Hunter did not return to work and continued to receive workers compensation benefits. On May 13 and September 23, 1994 Dr. Donald Griffin submitted to SCI-Graterford medical forms in which he opined that Hunter would be totally disabled for an unknown period of time. (Hunter's Resp. Opp'n Mot. Summ. J. Ex. Uhl-9, Uhl-10). In November 1994 Dr. Morley sent a similar form to SCI-Graterford. (Hunter's Resp. Opp'n Mot. Summ. J. Ex. Uhl-8).

On January 17, 1995 the DOC petitioned to terminate Hunter's workers compensation benefits on the basis of Dr. Barbara Ann Shelton's report. (DOC's Mot. Summ. J. Ex. 5 at 3). The DOC conducted a hearing on May 24, 1995 to determine Hunter's continued eligibility for Heart and Lung Act benefits. (DOC's Mot. Summ. J. Ex. 5 at 2). On November 6, 1995 Workers' Compensation Judge Joseph Hakun found that Hunter failed to present evidence in opposition to the DOC's petition. (DOC's Mot. Summ. J. Ex. 5 at 5). Hearing Examiner James J. Kirchner agreed with the judge. (DOC's Mot. Summ. J. Ex. 5 at 5). On March 26, 1996 the DOC terminated Hunter's workers compensation benefits.
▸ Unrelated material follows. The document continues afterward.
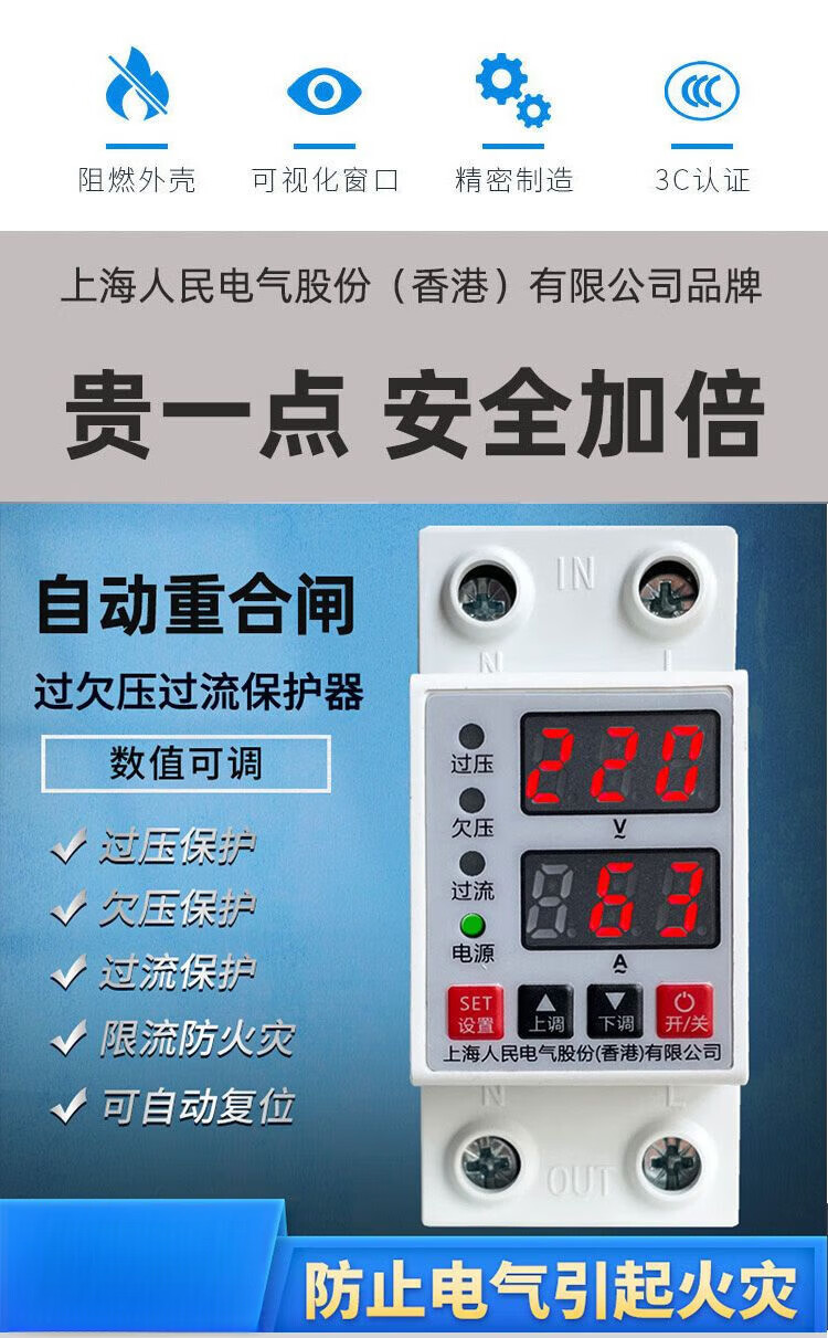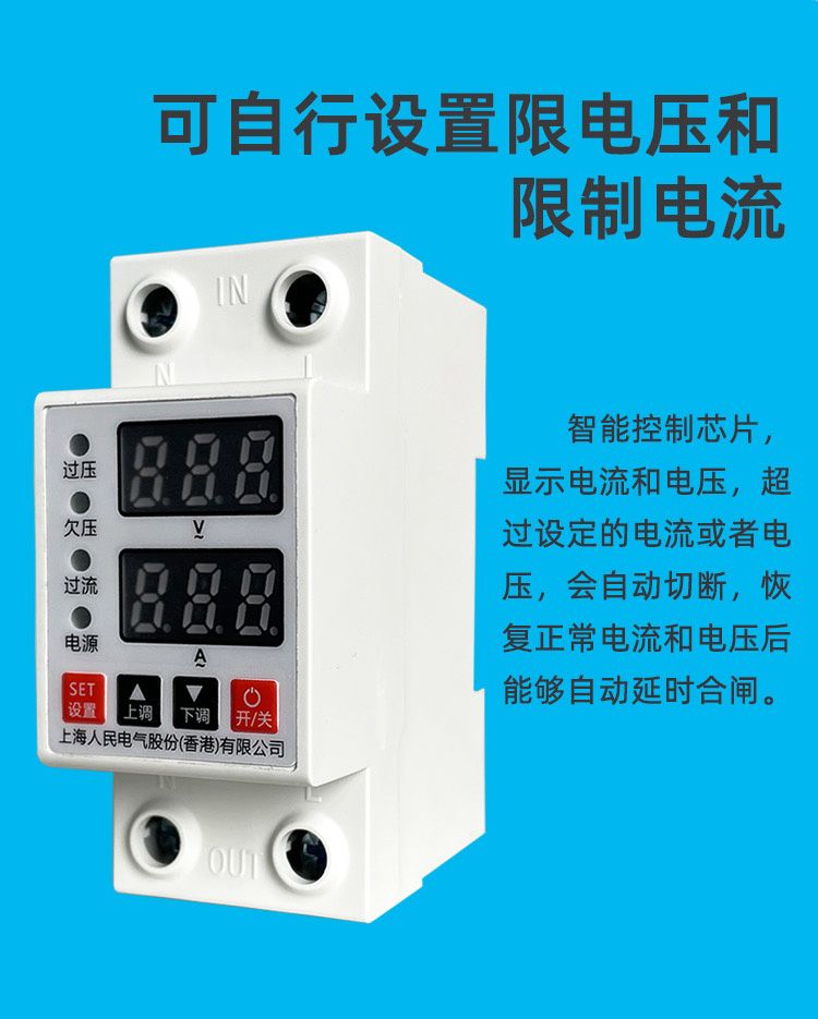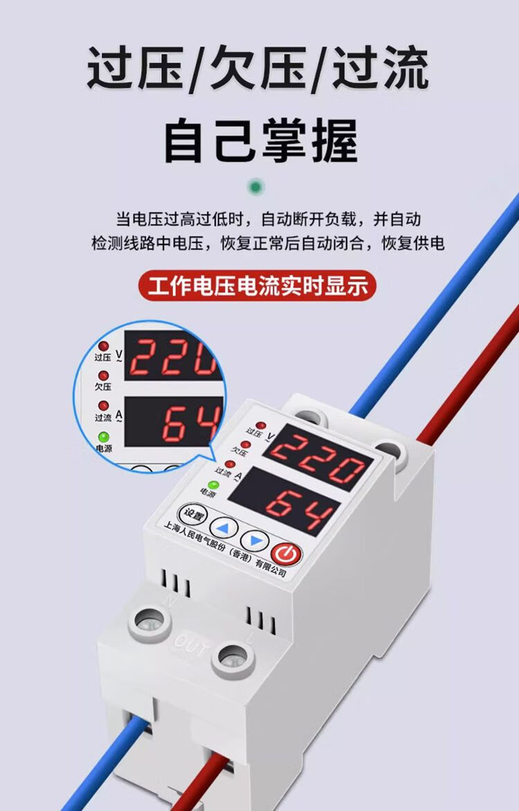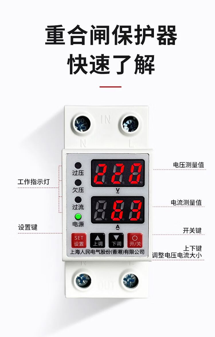 Current limiting automatic controller Shanghai People's self-complex digital display over-under voltage and over-current protection voltage limit current limit reclosing common through under-voltage (lower in and upper out) 1A-63A

Hunter blamed his counsel, Robert H. Bembry, III, for not presenting evidence to oppose the DOC's petition.

On April 24, 1996 SCI-Graterford Superintendent, Donald T. Vaughn, sent Hunter a letter to notify him that he would be terminated unless he was able to return to work at full duty by May 2, 1996. (Hunter's Resp. Opp'n Mot. Summ. J. Ex. Uhl-1). To return to work at full duty, Hunter would be required to obtain complete medical clearance. (Hunter's Resp. Opp'n Mot. Summ. J. Ex. Uhl-1). Hunter also was advised to contact the State Employees' Retirement System before May 2, 1996 "to protect [his] rights under the Commonwealth's Retirement Act[,]" and to direct questions to Ann Uhl, a personnel analyst II in the SCI-Graterford personnel department. (Hunter's Resp. Opp'n Mot. Summ. J. Ex. Uhl-1).
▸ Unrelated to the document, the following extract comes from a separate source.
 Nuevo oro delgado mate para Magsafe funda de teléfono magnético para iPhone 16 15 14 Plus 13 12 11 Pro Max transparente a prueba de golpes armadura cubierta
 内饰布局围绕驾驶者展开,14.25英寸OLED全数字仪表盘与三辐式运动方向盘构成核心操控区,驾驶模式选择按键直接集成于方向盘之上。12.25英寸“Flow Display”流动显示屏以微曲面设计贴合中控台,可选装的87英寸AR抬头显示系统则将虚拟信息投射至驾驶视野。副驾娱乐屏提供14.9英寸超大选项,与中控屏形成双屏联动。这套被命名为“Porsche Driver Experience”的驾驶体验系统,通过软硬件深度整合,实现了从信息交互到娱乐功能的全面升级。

Hunter contacted Ann Uhl and told her that he could not return to work at full duty. She advised him to apply for disability retirement benefits. (Ann Uhl's May 29, 1998 Dep. at 21). Hunter applied. Ann Uhl instructed Hunter to request leave without pay while his application was being considered. (Ann Uhl's May 29, 1998 Dep. at 22-23). On June 4, 1996 he formally requested leave without pay. Medical reports describing Hunter's inability to perform his work duties were submitted to the State Employees' Retirement System.
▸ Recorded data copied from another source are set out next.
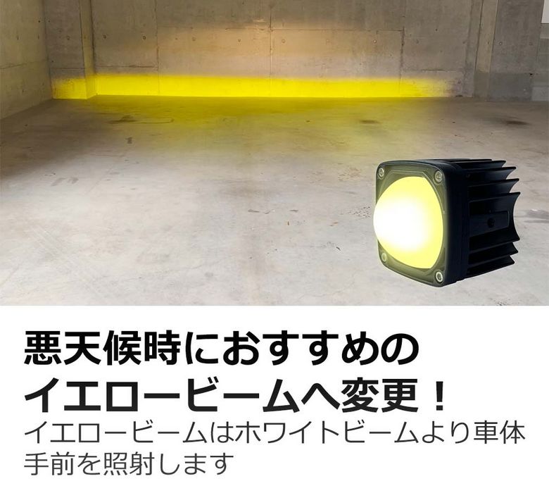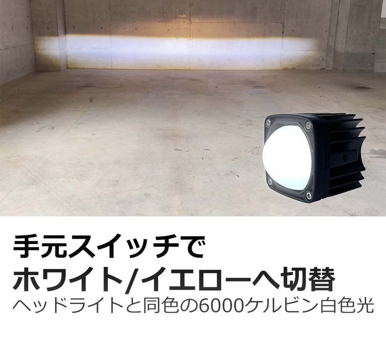 手元のスイッチ操作によってホワイト/イエローの切り替え照射が可能で、天候状況によってクイックに使い分ける事が出来る。
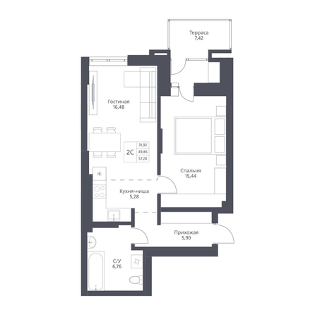 Продается 2-комн. студия с отделкой White box. Квартира расположена на 2 этаже 24 этажного монолитно-кирпичного дома в Акцентном доме «Актив» от группы компаний «Поляков».
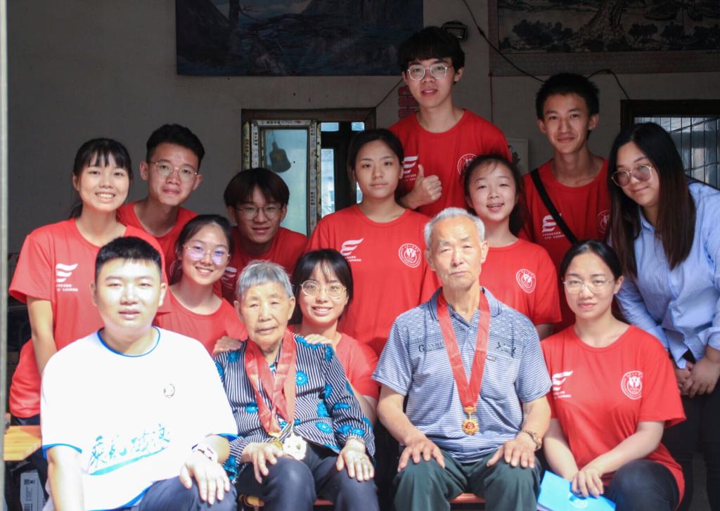 “锋行直通车”实践团师生与“光荣在党50年”的爷爷奶奶合影
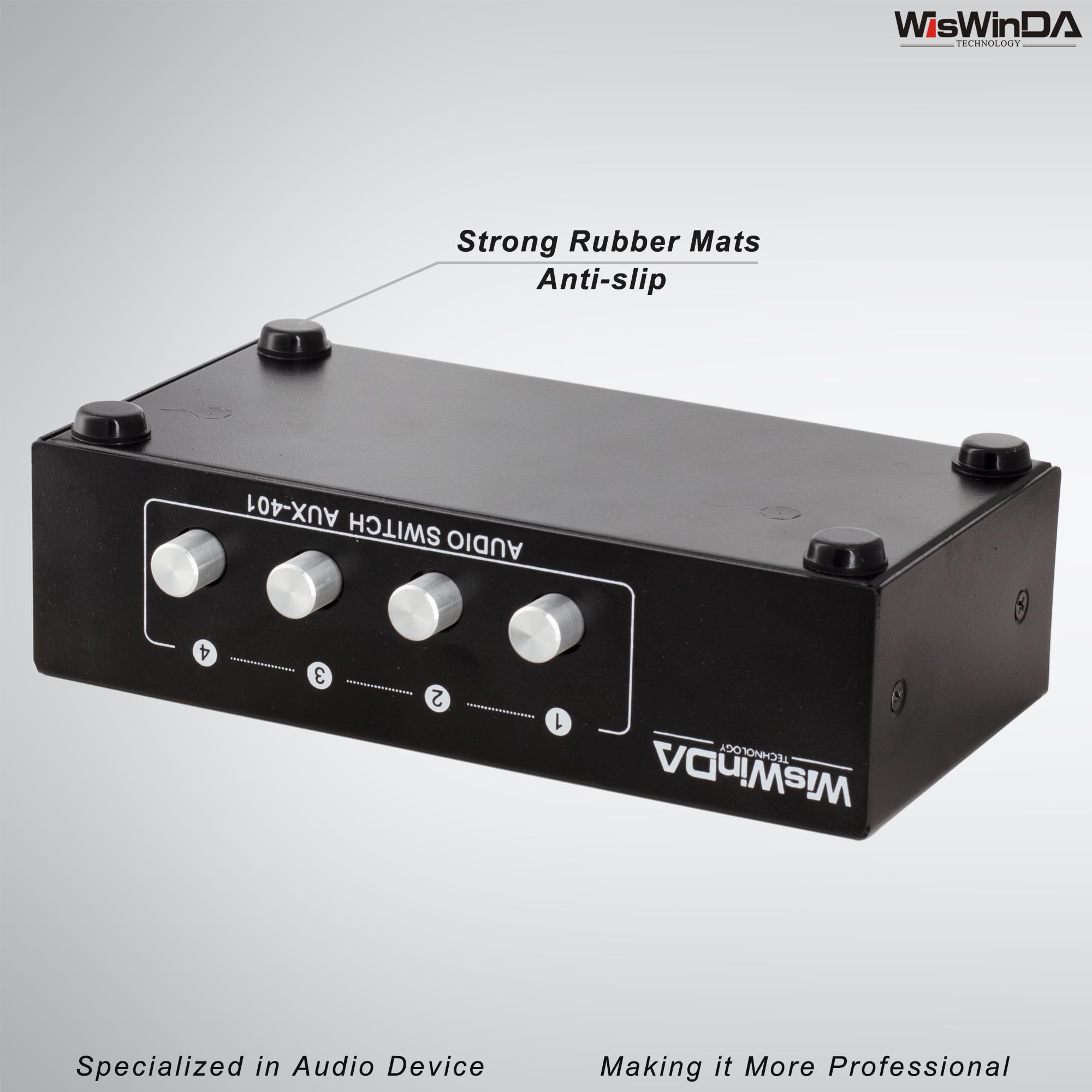 -WisWinDa RCA 3.5mm Aux speaker switch box is well designed with metallic shell with strong rubber mat make it very durable and convenient in using, quality RCA connector with gold coating make it no any signal loss in transmission.
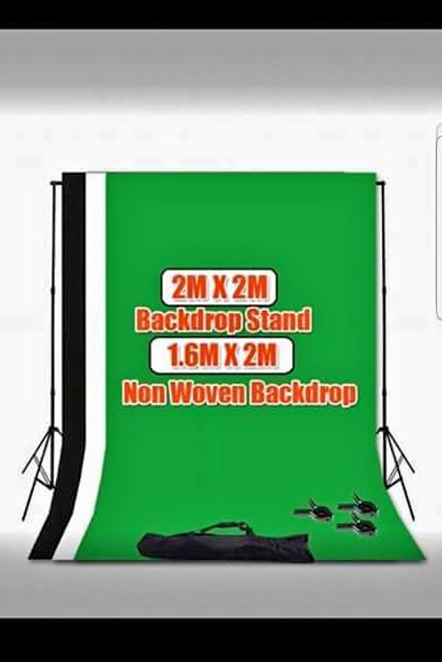 Brand new unopened. As per pic. 2x2m stand and 3x backdrops.

Ann Uhl also explained to Hunter that if his application was accepted he would have to resign to receive the disability retirement benefits. (Ann Uhl's May 29, 1998 Dep. at 22-23). When his application was accepted, Hunter resigned on October 24, 1996 with the reservation that he was "still able to perform the essential functions of [his] current position with modifications." (Hunter's Resp. Opp'n Mot. Summ. J. Ex. Uhl-4). On March 20, 1997, medical personnel evaluated Hunter and determined him much improved and able to return to work. (Hunter's Resp. Opp'n Mot. Summ. J. Ex. D at 7). On January 22, 1998 Hunter filed this action. Before the court is the DOC's Motion for Summary Judgment.

DISCUSSION

I. Summary Judgment Standard

Summary judgment is appropriate where the pleadings, depositions, answers to interrogatories, and admissions on file, together with the affidavits, reveal no genuine issue of material fact, and the moving party is entitled to judgment as a matter of law. Fed.R.Civ.P. 56(c). Our responsibility is not to resolve disputed issues of fact, but to determine whether there exist any factual issues to be tried. Anderson v. Liberty Lobby, Inc., 477 U.S. 242, 247-49, 106 S.Ct. 2505, 91 L.Ed.2d 202 (1986). The presence of "a mere scintilla of evidence" in the nonmovant's favor will not avoid summary judgment. Williams v. Borough of West Chester, 891 F.2d 458, 460 (3d Cir. 1989) (citing Anderson, 477 U.S. at 249, 106 S.Ct. 2505). Rather, we will grant summary judgment unless "the evidence is such that a reasonable jury could return a verdict for the nonmoving party." Anderson, 477 U.S. at 248, 106 S.Ct. 2505.